Prof. Kaiming SHEN @ SSE

Grades:

  • Assignments / Quiz (20%)
  • Midterm Exam (40%)
  • Final Exam (40%)

Reference Book: T. Cover & J. Thomas: Elements of Information Theory 2nd Ed.

Chapter 1: Introduction 简介

1.1 Intergration of Information

Bit: $\{0, 1\}$

Information is the minimum number of bits ($0$ or $1$) to describe a random variable.

信息即用描述一个随机变量所使用 bits 的最小数量。

e.g. Weather Forecast

$$ X = \begin{cases} \text{rain}\ &50\% \ &0 , \\ \text{shine}\ &50\% \ &1 \end{cases} $$

From weatherman, we can learn value of $X$. And $X$ contains $1$ bit of information.
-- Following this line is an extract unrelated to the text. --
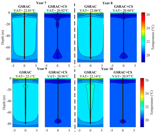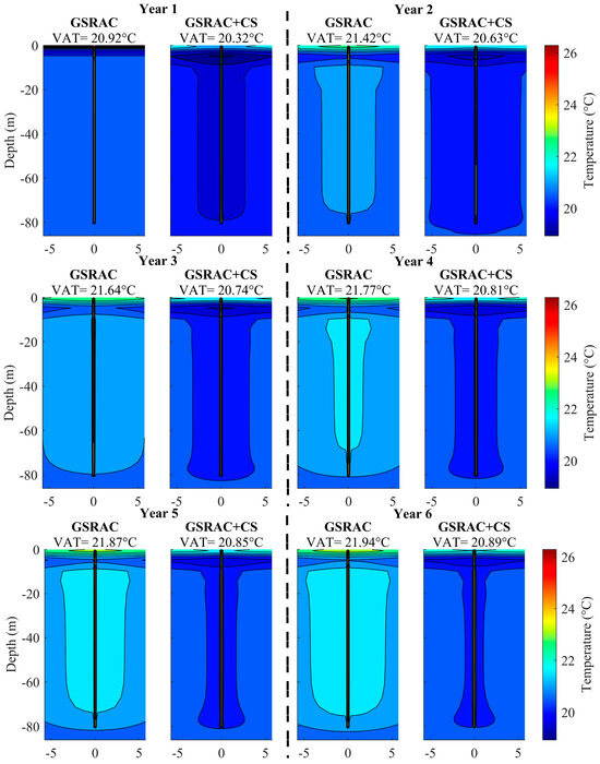To understand the natural and forced recovery of the storage region, the soil temperature profiles of the baseline scenario without and with heat rejection (the GSRAC and GSRAC + S systems) at the beginning of the discharging phase (day 184) are simulated. The outcomes are illustrated in Figure 7. In the cold storage field, the VAT of the GSRAC system continuously increased from 20.92 °C to 22.14 °C over ten years, while for the GSRAC + CS system, the increase in VAT was much less (20.97 °C) after ten years, indicating that there would be a less severe thermal imbalance issue with GSRAC + CS system. In particular, the lower VAT would be better for the RAC system, since the rate of heat transfer between the soil and the BHE increases; therefore, a higher amount of heat can be injected into the ground. Therefore, in the GSRAC + CS system, the BHE can be operated sustainably for extended periods, while, for the GSRAC system, the performance of the BHE and RAC unit deteriorated over time.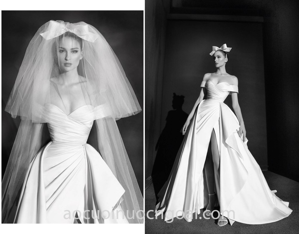 Mùa cưới xuân hè 2022, cô dâu ưa chuộng phong cách minimalist sẽ có cho mình một lựa chọn phá cách với mẫu áo cưới tối giản Zuhair Murad. Thân áo dáng suôn thực hiện trên chất vải satin đứng phom có cổ cúp tim trễ vai gợi cảm được xếp li đầy tinh tế, trải dài từ cúp ngực xuống chân váy xẻ tà khoe chân nuột nà. Nhà mốt kết hợp thêm phụ kiện tùng váy tháo rời xếp bèo tầng tạo điểm nhấn ấn tượng. Đồng thời phối với phụ kiện lúp cưới ngắn đeo nơ to bản xinh xắn trên lầu.

我们认为这个随机变量 $X$ 包含 $1$ bit 的信息。

假设我们现在有 $8$ 种不同的天气,每个概率相同,我们可以用 $X = \{000, 001, \cdots, 111\}$ 来表示天气。那么我们认为 $X$ 包含 $3$ bit 的信息,因为其最少可以用 $3$ 位 bit 来表示。

e.g. Horse Race (sp.)

$$ X = \begin{cases} A &\frac{1}{2} &000 &0 \\ B &\frac{1}{4} &001 &10 \\ C &\frac{1}{8} &010 &110 \\ D &\frac{1}{16} &\cdots &1110 \\ E &\frac{1}{64} &\cdots &111100 \\ F &\frac{1}{64} &\cdots &111101 \\ G &\frac{1}{64} &\cdots &111110 \\ H &\frac{1}{64} &\cdots &111111 \end{cases} $$

Information of $X=1 \times \frac{1}{2} + 2 \times \frac{1}{4} + 3 \times \frac{1}{8} + 4 \times \frac{1}{16} + 6 \times \frac{1}{64} \times 4 = 2 $ bits

1.2 Information Transmission over Channel

$$ X \rightarrow \text{Channel} \rightarrow Y $$

Channel: $P(y|x)$,就是一个条件概率,用来描述 $Y$ 是如何随着 $X$ 变化的。
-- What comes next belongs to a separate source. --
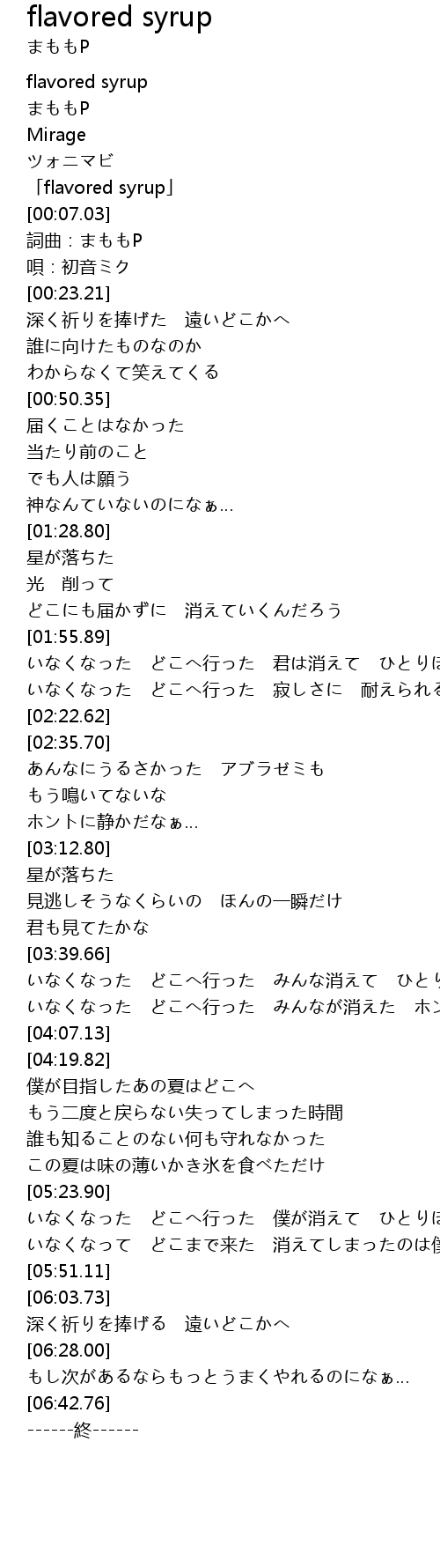 | [00:00.77] | 「flavored syrup」 |

Channel Capacity($C$) is the maximum number of bits that can be "reliably" transimitted from X to Y.

通道容量表示一个通信信道每次使用最多能够稳定传输多少信息。

1.3 Information Theory

Information Theory answers and questions:

  1. What is the minimum number of bits to describe $X$?

    Ans: Entropy $H(X)$ ... Data compression

  2. What is the maximum numberof bits that can be reliably transmitted over channel?
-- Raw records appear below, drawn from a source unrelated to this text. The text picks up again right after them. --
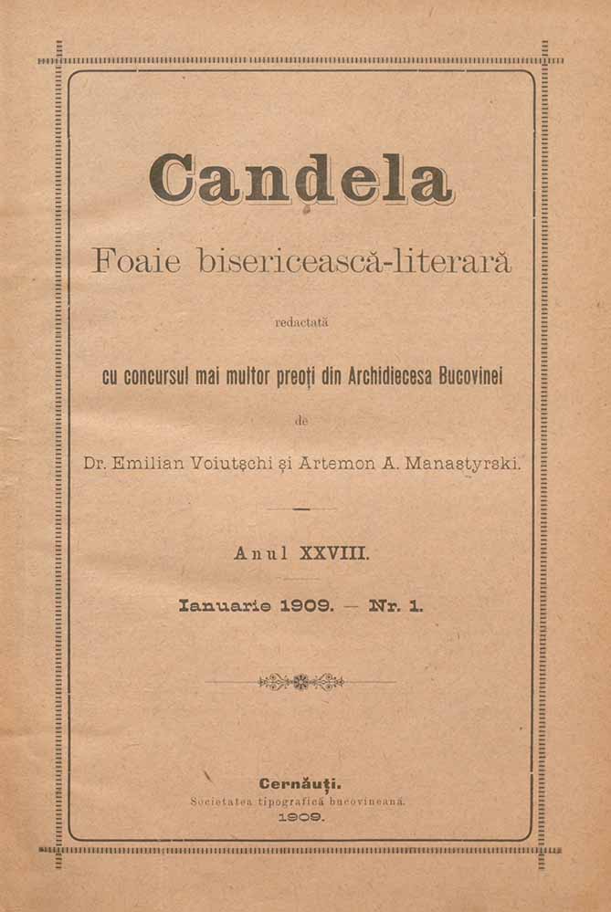 Candela, XXVIII, nr. în TOM: 1, ianuarie, 1909, Foaie bisericească-literară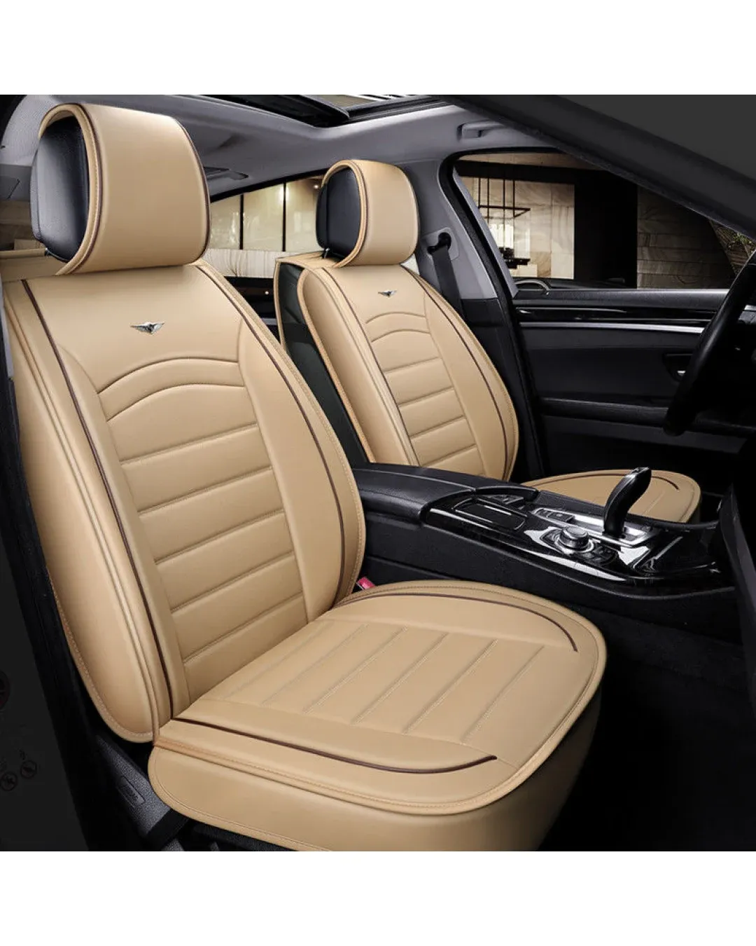 1+1 Комплект от 2 броя Универсална Кожена Тапицерия Калъфи За Предни Седалки Бежови Бежово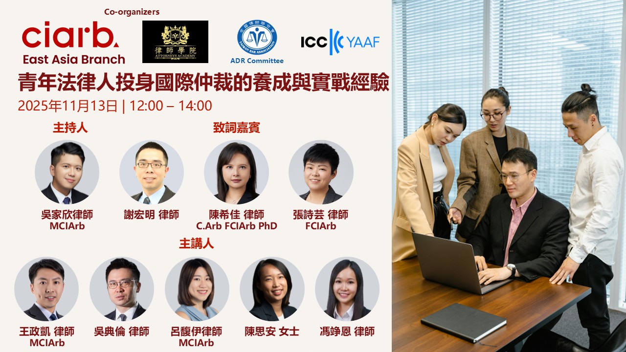 本會律師學院及ADR委員會、特許仲裁學會東亞分會臺灣支會青年事務委員會(Ciarb Taiwan YMG)、國際商會青年仲裁和ADR論壇(ICC YAAF)定於114年11月13日(星期四)合辦「青年法律人投身國際仲裁的養成與實戰經驗」研討會,敬請踴躍報名參加。

    Ans: Mutual info $I(X;Y)$ ... Channel Capacity.

Chapter 2: Entropy 熵

2.1 Basics

Def. Let $X$ be a discrete random variable, e.g. $X = \{a, b, c\}$, then: $$ X = \begin{cases} a, & p_1\\ b, & p_2\\ c, & p_3 \end{cases} $$ Which is easy to describe using probability mass function (PMF).

Def. The entropy of $X$ is $$ H(X) = \sum_x p(x) \log \frac{1}{p(x)} $$

When $\log$ is in base $2$, $H(X)$ is in "bit".
When $\log$ is in base $e$, $H(X)$ is in "nat".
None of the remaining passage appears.